Even with its low rate of adoption today, AI is ushering a new era of customer service. Leaders will no doubt be drawn to the efficiencies brought by AI, but should also celebrate its power to let people do their best, most fulfilling work. If you're in the process of defining the role of AI at your organization, I implore you to think holistically about not just what AI can automate for your customers, but the ingenuity it can release in your workforce.

74 percent of AI users report reduced agent email and calls, and three-quarters even credit AI with increased agent morale. 

The research shows that customer service agents deeply care about how AI can benefit their work performance.

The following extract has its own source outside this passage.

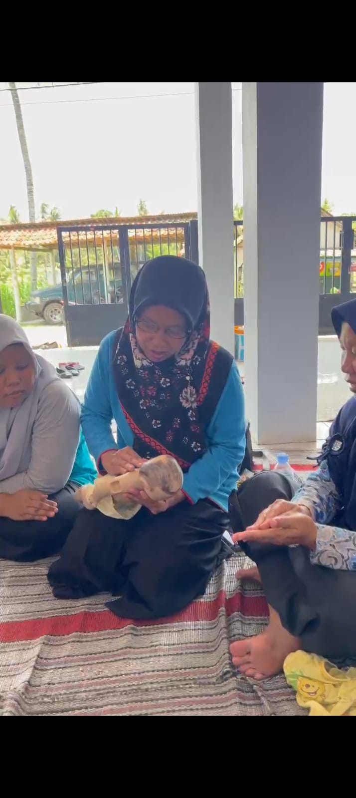 Setelah penyampaian teori, kegiatan dilanjutkan dengan demonstrasi pijat batuk pilek oleh tim pengabdian masyarakat. Dalam sesi ini, tim memperagakan langsung teknik pijat batuk pilek menggunakan panthom bayi sambil menjelaskan urutan gerakan, titik-titik penting, serta tekanan yang aman bagi anak. Para kader tampak antusias memperhatikan setiap gerakan dan mencatat langkah-langkah yang perlu diingat sebelum praktik mandiri.
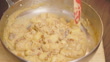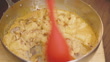 close view of Stirring creamy chorizo mushroom gnocchi in a frying pan

Seventy-one percent of service agents view AI as helpful to their jobs. 69 percent of agents want to learn more about AI's impact on their job. That said, a small majority, 27 percent of service agents are worried about the negative impact of AI to their current responsibilities. 

Also: Bad bots are stealing data and ruining the customer experience

The question for customer service leaders -- or any business leader, for that matter -- isn't if AI will impact their business, but how. AI, along with a cadre of other digital technologies, are ushering an unprecedented, new era of innovation that will redefine business models and lead entire industries into uncharted territory. In the Salesforce study, high-performing service leaders are already more than three times as likely as their underperforming competition to have defined their strategy for this intelligent era. The rest will be need to catch-up quickly, or risk obsolescence in the post-digital era.